Image modified from Wang et al. (2018). PCA of ancient and modern samples. Red circle in dashed line around Varna, Greece Neolithic, and (approximate position of) Smyadovo outliers, part of Khvalynsk-Novodanilovka settlers.

A hidden group among north or west Pontic Eneolithic steppe cultures?

The expansion of Khvalynsk as Novodanilovka into the North Pontic area happened through the south across the steppe, near the coast, with the forest-steppe region working as a clear natural border for this culture of likely horse-riding chieftains, whose economy was probably based on some rudimentary form of mobile pastoralism.

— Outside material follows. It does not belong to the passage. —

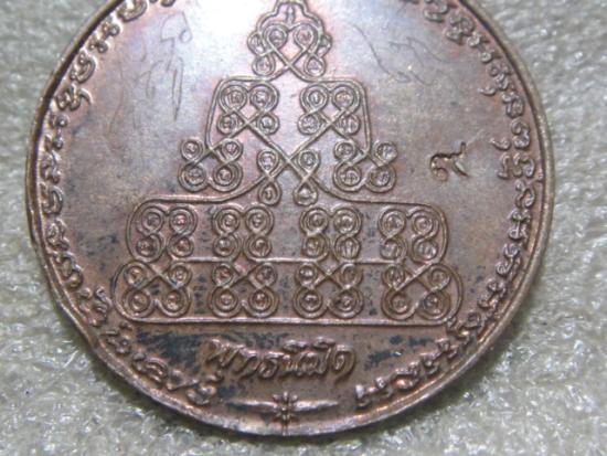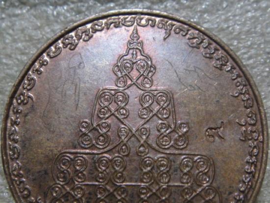 ช่องว่างระหว่างเหรียญลงจารมือด้วย อิสวาสุ หมายถึงหัวใจของพระพุทธเจ้าและตอกโค้ต ๙ หมายถึงความเจริญก้าวหน้าตลอดไปสำหรับผู้ใช้เหรียญนี้

Although archaeologists are divided as to the origin of each individual Middle Eneolithic group near the Black Sea after the end of the Khvalynsk-Novodanilovka period, it seems more or less clear that steppe cultures like Cernavodă, Lower Mikhailovka, or Kvitjana are closer (or “more archaic”) in their steppe features, which connects them to Volga–Ural and Northern Caucasus cultures, like Northern Caucasus, Repin or Khvalynsk.

On the other hand, forest-steppe cultures like Dereivka (including Alexandria) show innovative traits and contacts with para- or sub-Neolithic cultures to the north, like Comb-Pit Ware groups, apart from corded decoration influenced by Trypillian groups to the west, especially in their later (‘Proto-Corded Ware‘) stage after ca. 3500 BC.

If Ukrainian researchers like Rassamakin are right, Early Yamna expanded not only from Repin settlers, but also from local steppe cultures adopting Repin traits to develop an Early Yamna culture, similar to how eastern (Volga–Ural groups) seem to have synchronously adopted Early Yamna without massive affluence of Repin settlements.

Furthermore, local traits develop in southern groups, like anthropomorphic stelae (shared with Kemi-Oba, direct heir of Lower Mikhailovka), and rich burials featuring wagons. These traits are seen in west Yamna settlers.

Modified from Rassamakin (1999), adding red color to Repin expansion. The system of the latest Eneolithic Pointic cultures and the sites of the Zhivotilovo-Volchanskoe type: 1) Volchanskoe; 2) Zhivotilovka; 3) Vishnevatoe; 4) Koisug.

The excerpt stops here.